*** Opening of Information supplied ***

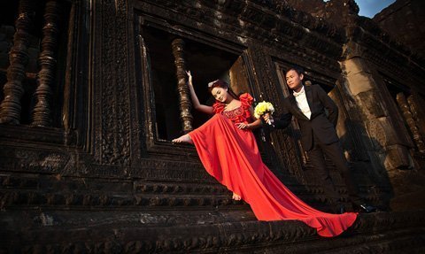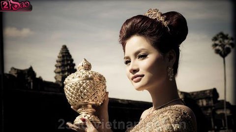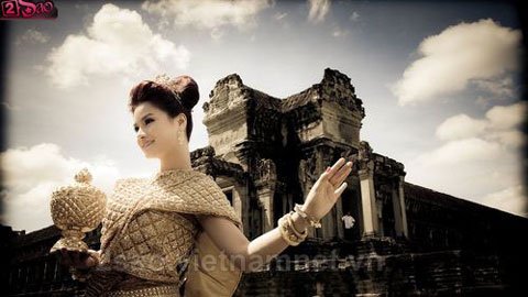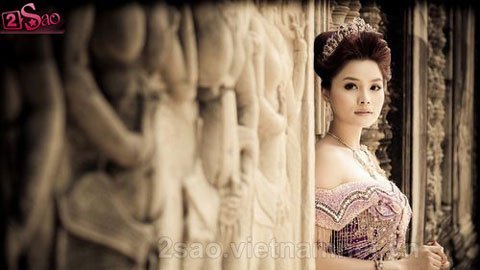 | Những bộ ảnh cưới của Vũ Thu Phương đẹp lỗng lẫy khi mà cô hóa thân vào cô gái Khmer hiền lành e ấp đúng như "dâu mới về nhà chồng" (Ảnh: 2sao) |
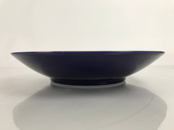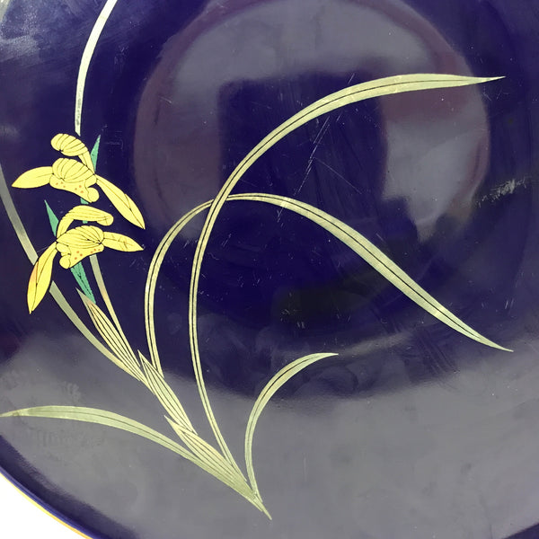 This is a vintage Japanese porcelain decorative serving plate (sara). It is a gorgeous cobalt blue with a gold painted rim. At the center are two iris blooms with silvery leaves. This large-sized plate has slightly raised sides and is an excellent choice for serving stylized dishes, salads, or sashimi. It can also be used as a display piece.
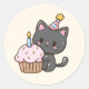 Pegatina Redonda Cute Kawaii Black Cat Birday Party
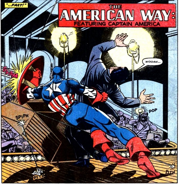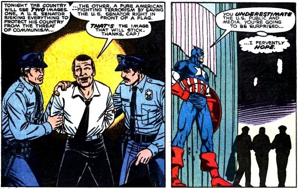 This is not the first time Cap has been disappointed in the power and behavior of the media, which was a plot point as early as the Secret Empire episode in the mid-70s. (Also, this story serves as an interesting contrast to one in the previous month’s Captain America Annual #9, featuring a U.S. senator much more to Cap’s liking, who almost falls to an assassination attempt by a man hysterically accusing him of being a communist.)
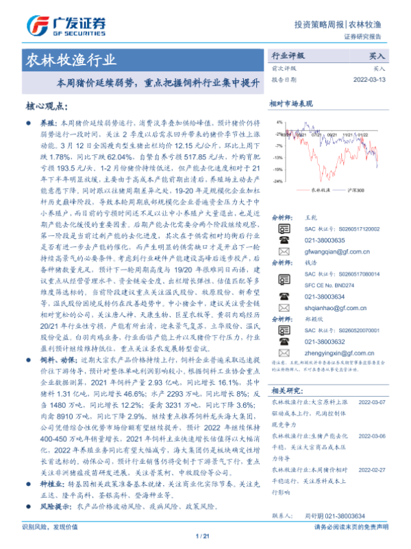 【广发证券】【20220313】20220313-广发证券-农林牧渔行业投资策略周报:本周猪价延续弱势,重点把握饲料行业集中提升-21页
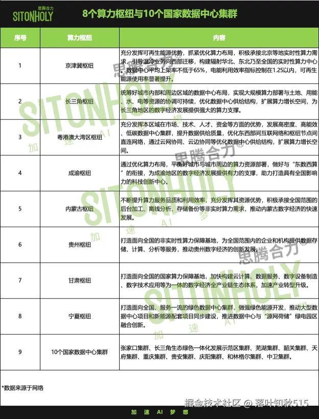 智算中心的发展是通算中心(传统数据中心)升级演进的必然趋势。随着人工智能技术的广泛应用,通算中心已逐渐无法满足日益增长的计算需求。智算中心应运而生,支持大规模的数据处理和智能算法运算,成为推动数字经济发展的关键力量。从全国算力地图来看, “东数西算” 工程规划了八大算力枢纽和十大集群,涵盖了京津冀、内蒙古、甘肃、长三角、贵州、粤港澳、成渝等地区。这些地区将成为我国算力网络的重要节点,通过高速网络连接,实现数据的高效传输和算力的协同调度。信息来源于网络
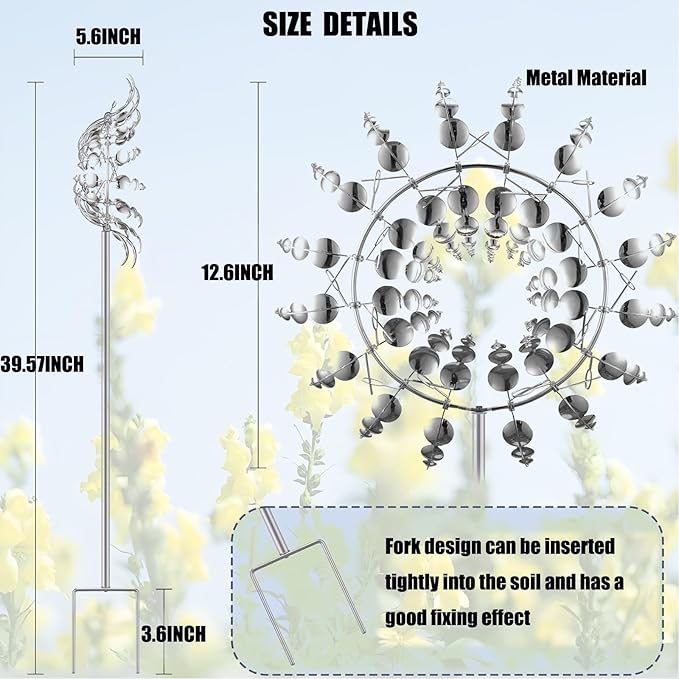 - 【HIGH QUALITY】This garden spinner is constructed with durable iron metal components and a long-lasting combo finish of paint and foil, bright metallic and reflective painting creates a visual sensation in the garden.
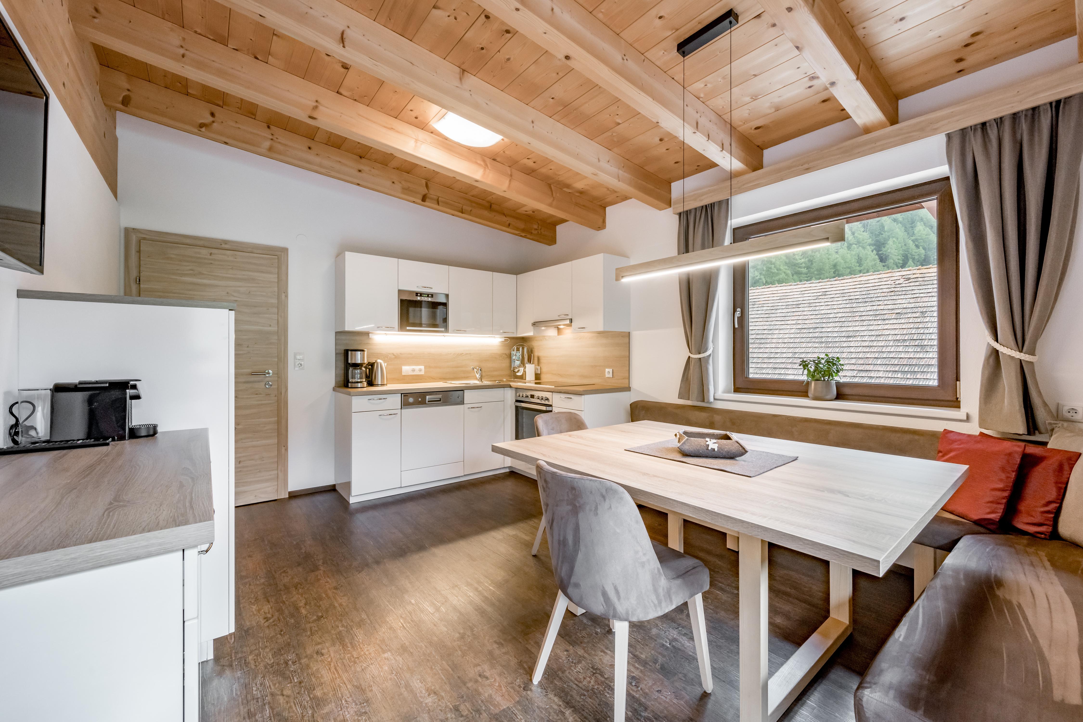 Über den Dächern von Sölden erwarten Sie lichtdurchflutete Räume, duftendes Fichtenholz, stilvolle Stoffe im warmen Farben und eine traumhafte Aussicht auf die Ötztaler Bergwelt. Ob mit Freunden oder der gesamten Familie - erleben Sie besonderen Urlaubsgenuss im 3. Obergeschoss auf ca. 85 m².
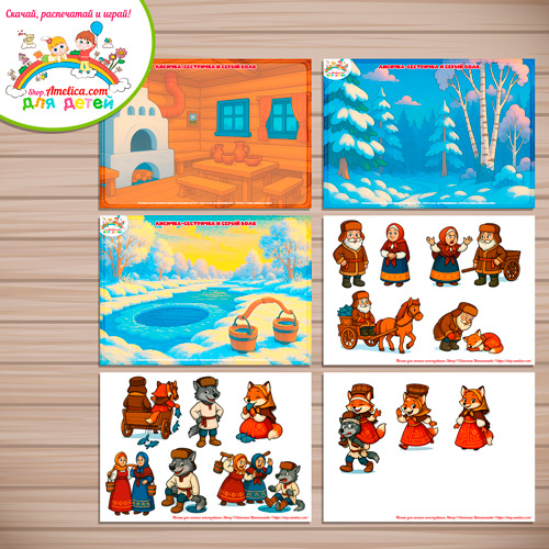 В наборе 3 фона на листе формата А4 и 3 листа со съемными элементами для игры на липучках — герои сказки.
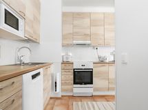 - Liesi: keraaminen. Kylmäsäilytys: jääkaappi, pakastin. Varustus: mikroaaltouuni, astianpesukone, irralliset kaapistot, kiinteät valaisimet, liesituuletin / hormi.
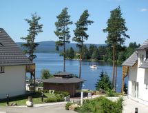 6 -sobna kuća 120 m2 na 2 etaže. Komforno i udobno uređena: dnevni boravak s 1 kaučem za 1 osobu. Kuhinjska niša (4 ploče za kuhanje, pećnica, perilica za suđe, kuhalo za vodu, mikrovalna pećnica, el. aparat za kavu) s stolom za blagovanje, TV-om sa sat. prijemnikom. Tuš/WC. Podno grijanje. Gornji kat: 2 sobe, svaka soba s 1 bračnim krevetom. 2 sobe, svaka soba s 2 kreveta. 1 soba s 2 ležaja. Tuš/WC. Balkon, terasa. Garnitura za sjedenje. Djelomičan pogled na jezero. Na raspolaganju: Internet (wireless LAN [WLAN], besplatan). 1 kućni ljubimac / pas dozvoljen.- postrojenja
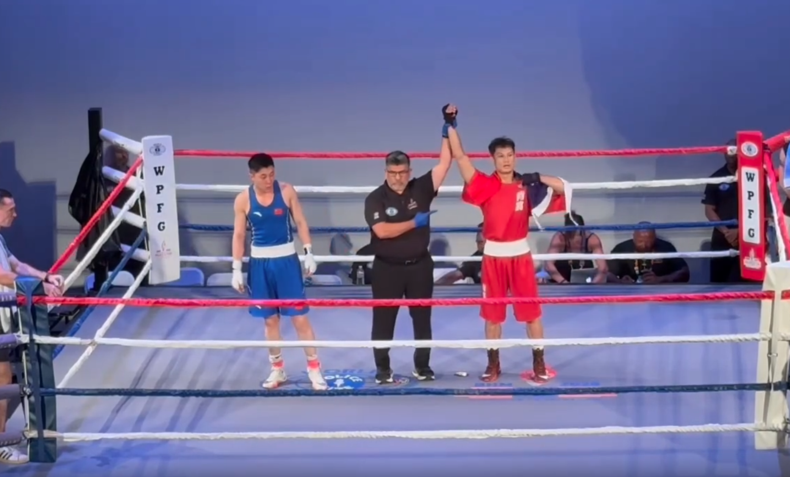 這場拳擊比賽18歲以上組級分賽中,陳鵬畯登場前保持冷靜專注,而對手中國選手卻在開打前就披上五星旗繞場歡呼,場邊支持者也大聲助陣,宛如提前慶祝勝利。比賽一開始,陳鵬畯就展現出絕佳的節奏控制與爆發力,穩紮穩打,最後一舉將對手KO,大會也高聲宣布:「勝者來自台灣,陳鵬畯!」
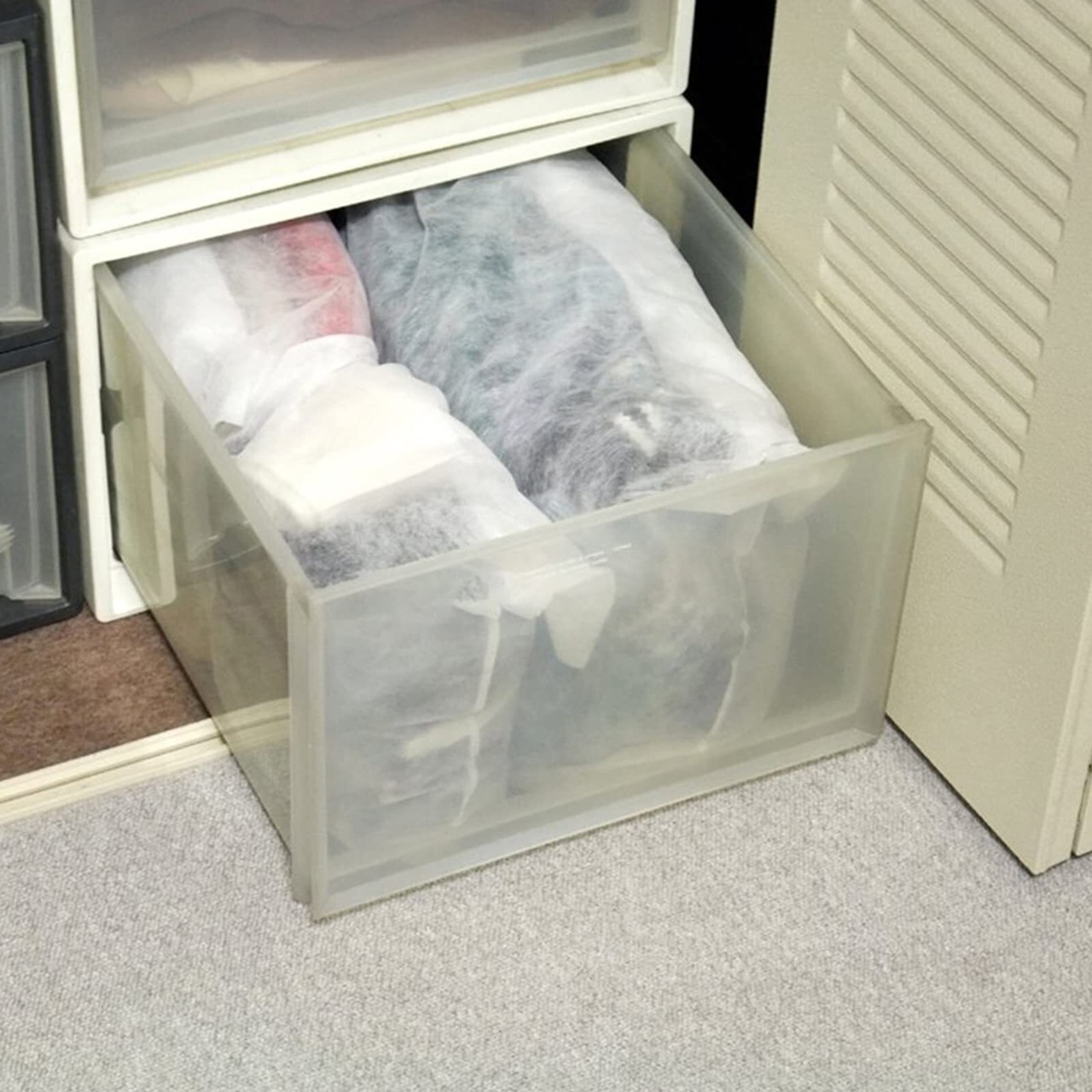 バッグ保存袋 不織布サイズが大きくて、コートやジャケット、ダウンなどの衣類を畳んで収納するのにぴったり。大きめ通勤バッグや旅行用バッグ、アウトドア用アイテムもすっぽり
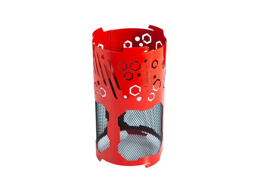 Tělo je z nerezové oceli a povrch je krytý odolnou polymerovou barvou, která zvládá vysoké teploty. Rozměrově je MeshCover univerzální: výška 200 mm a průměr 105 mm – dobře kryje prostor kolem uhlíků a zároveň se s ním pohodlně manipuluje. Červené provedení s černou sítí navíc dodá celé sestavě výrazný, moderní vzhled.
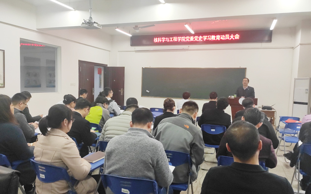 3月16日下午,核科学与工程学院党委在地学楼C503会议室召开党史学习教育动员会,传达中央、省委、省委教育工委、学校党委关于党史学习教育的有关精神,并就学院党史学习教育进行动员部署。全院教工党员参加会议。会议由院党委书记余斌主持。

*** Close of Information supplied ***

### Your task
Quote the full listing above word for word; exclude every picture from the copy.

### Reply to the task
 | Những bộ ảnh cưới của Vũ Thu Phương đẹp lỗng lẫy khi mà cô hóa thân vào cô gái Khmer hiền lành e ấp đúng như "dâu mới về nhà chồng" (Ảnh: 2sao) |
 This is a vintage Japanese porcelain decorative serving plate (sara). It is a gorgeous cobalt blue with a gold painted rim. At the center are two iris blooms with silvery leaves. This large-sized plate has slightly raised sides and is an excellent choice for serving stylized dishes, salads, or sashimi. It can also be used as a display piece.
 Pegatina Redonda Cute Kawaii Black Cat Birday Party
 This is not the first time Cap has been disappointed in the power and behavior of the media, which was a plot point as early as the Secret Empire episode in the mid-70s. (Also, this story serves as an interesting contrast to one in the previous month’s Captain America Annual #9, featuring a U.S. senator much more to Cap’s liking, who almost falls to an assassination attempt by a man hysterically accusing him of being a communist.)
 【广发证券】【20220313】20220313-广发证券-农林牧渔行业投资策略周报:本周猪价延续弱势,重点把握饲料行业集中提升-21页
 智算中心的发展是通算中心(传统数据中心)升级演进的必然趋势。随着人工智能技术的广泛应用,通算中心已逐渐无法满足日益增长的计算需求。智算中心应运而生,支持大规模的数据处理和智能算法运算,成为推动数字经济发展的关键力量。从全国算力地图来看, “东数西算” 工程规划了八大算力枢纽和十大集群,涵盖了京津冀、内蒙古、甘肃、长三角、贵州、粤港澳、成渝等地区。这些地区将成为我国算力网络的重要节点,通过高速网络连接,实现数据的高效传输和算力的协同调度。信息来源于网络
 - 【HIGH QUALITY】This garden spinner is constructed with durable iron metal components and a long-lasting combo finish of paint and foil, bright metallic and reflective painting creates a visual sensation in the garden.
 Über den Dächern von Sölden erwarten Sie lichtdurchflutete Räume, duftendes Fichtenholz, stilvolle Stoffe im warmen Farben und eine traumhafte Aussicht auf die Ötztaler Bergwelt. Ob mit Freunden oder der gesamten Familie - erleben Sie besonderen Urlaubsgenuss im 3. Obergeschoss auf ca. 85 m².
 В наборе 3 фона на листе формата А4 и 3 листа со съемными элементами для игры на липучках — герои сказки.
 - Liesi: keraaminen. Kylmäsäilytys: jääkaappi, pakastin. Varustus: mikroaaltouuni, astianpesukone, irralliset kaapistot, kiinteät valaisimet, liesituuletin / hormi.
 6 -sobna kuća 120 m2 na 2 etaže. Komforno i udobno uređena: dnevni boravak s 1 kaučem za 1 osobu. Kuhinjska niša (4 ploče za kuhanje, pećnica, perilica za suđe, kuhalo za vodu, mikrovalna pećnica, el. aparat za kavu) s stolom za blagovanje, TV-om sa sat. prijemnikom. Tuš/WC. Podno grijanje. Gornji kat: 2 sobe, svaka soba s 1 bračnim krevetom. 2 sobe, svaka soba s 2 kreveta. 1 soba s 2 ležaja. Tuš/WC. Balkon, terasa. Garnitura za sjedenje. Djelomičan pogled na jezero. Na raspolaganju: Internet (wireless LAN [WLAN], besplatan). 1 kućni ljubimac / pas dozvoljen.- postrojenja
 這場拳擊比賽18歲以上組級分賽中,陳鵬畯登場前保持冷靜專注,而對手中國選手卻在開打前就披上五星旗繞場歡呼,場邊支持者也大聲助陣,宛如提前慶祝勝利。比賽一開始,陳鵬畯就展現出絕佳的節奏控制與爆發力,穩紮穩打,最後一舉將對手KO,大會也高聲宣布:「勝者來自台灣,陳鵬畯!」
 バッグ保存袋 不織布サイズが大きくて、コートやジャケット、ダウンなどの衣類を畳んで収納するのにぴったり。大きめ通勤バッグや旅行用バッグ、アウトドア用アイテムもすっぽり
 Tělo je z nerezové oceli a povrch je krytý odolnou polymerovou barvou, která zvládá vysoké teploty. Rozměrově je MeshCover univerzální: výška 200 mm a průměr 105 mm – dobře kryje prostor kolem uhlíků a zároveň se s ním pohodlně manipuluje. Červené provedení s černou sítí navíc dodá celé sestavě výrazný, moderní vzhled.
 3月16日下午,核科学与工程学院党委在地学楼C503会议室召开党史学习教育动员会,传达中央、省委、省委教育工委、学校党委关于党史学习教育的有关精神,并就学院党史学习教育进行动员部署。全院教工党员参加会议。会议由院党委书记余斌主持。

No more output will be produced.